文章目录
- [Pyspark dataframe](#Pyspark dataframe)
-
- [count 统计数量](#count 统计数量)
- [createGlobalTempView 创建全局视图表](#createGlobalTempView 创建全局视图表)
- [createOrReplaceGlobalTempView 创建全局视图表](#createOrReplaceGlobalTempView 创建全局视图表)
- [createTempView 创建临时视图](#createTempView 创建临时视图)
- [createOrReplaceTempView 创建临时视图](#createOrReplaceTempView 创建临时视图)
- [crossJoin 返回笛卡尔积](#crossJoin 返回笛卡尔积)
- [cube 维度统计](#cube 维度统计)
- [describe 统计列的基本信息](#describe 统计列的基本信息)
- [distinct 去重](#distinct 去重)
- [drop 删除列](#drop 删除列)
- [dropDuplicates 去重](#dropDuplicates 去重)

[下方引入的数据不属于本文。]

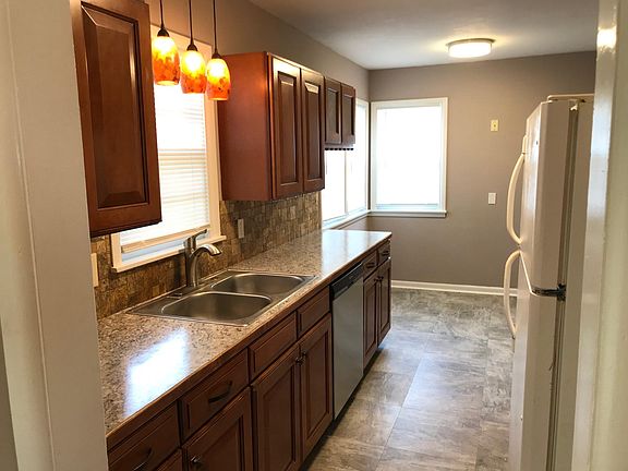 This house is a must see inside to appreciate how great it is. Large, nice, clean home featuring: 3 bedrooms with lovely hardwood floors. 1,182 sq ft brick home This is larger than most 3 bedroom homes. Large patio in back with patio overhang. 1 full bath with shower and great cabinet space. Updated kitchen with beautiful cabinets, refrigerator, range, new dishwasher, new countertops, disposal, wine goblet rack and new flooring. Living room with hardwood floor. Dining room with hardwood floor. Wood fence privacy backyard with storage shed. Garage with opener. Large driveway has room for double parking. Laundry hookups. One block from St Joseph Hospital. $25/adult application fee to cover credit and criminal/civil checks. Tenant responsible for all utilities, trash and lawn and landscape maintenance. No smoking in the unit. Small dogs will be considered on a per pet basis.

- [dropna 删除null值](#dropna 删除null值)
- [dtypes 查看列类型](#dtypes 查看列类型)
- [exceptall 剔除交集数据](#exceptall 剔除交集数据)
- [explan 查看执行计划](#explan 查看执行计划)
- [fillna 填充null值](#fillna 填充null值)
- [filter 过滤](#filter 过滤)
- [first 获取第一条数据的row对象](#first 获取第一条数据的row对象)
Pyspark dataframe
from pyspark.sql import SparkSession,Row
from pyspark.sql.types import *
def init_spark():
spark = SparkSession.builder.appName('LDSX_TEST_DATAFrame') \
.config('hive.metastore.uris', 'thrift://hadoop01:9083') \
.config('spark.master', "local[2]") \
.enableHiveSupport().getOrCreate()
return spark
spark = init_spark()
# 设置字段类型
schema = StructType([
StructField("name", StringType(), True),
StructField("age", StringType(), True),
StructField("id", StringType(), True),
StructField("gender", StringType(), True),
])
count 统计数量
返回dataframe中row的数量
name|age| id|gender|
+-----+---+---+------+
| ldsx| 12| 1| 男|
|test1| 20| 1| 女|
|test2| 26| 1| 男|
|test3| 19| 1| 女|
|test4| 51| 1| 女|
|test5| 13| 1| 男|
+-----+---+---+------+
root
|-- name: string (nullable = true)
|-- age: string (nullable = true)
|-- id: string (nullable = true)
|-- gender: string (nullable = true)
PyDev console: starting.
data.count()
6
createGlobalTempView 创建全局视图表
创建的临时表名已存在报错,查询需要使用global_temp
data.createGlobalTempView('ldsx')
# 临时表名存在后重复设置报错
data.createGlobalTempView('ldsx')
Traceback (most recent call last):
pyspark.errors.exceptions.captured.AnalysisException: [TEMP_TABLE_OR_VIEW_ALREADY_EXISTS] Cannot create the temporary view `ldsx` because it already exists.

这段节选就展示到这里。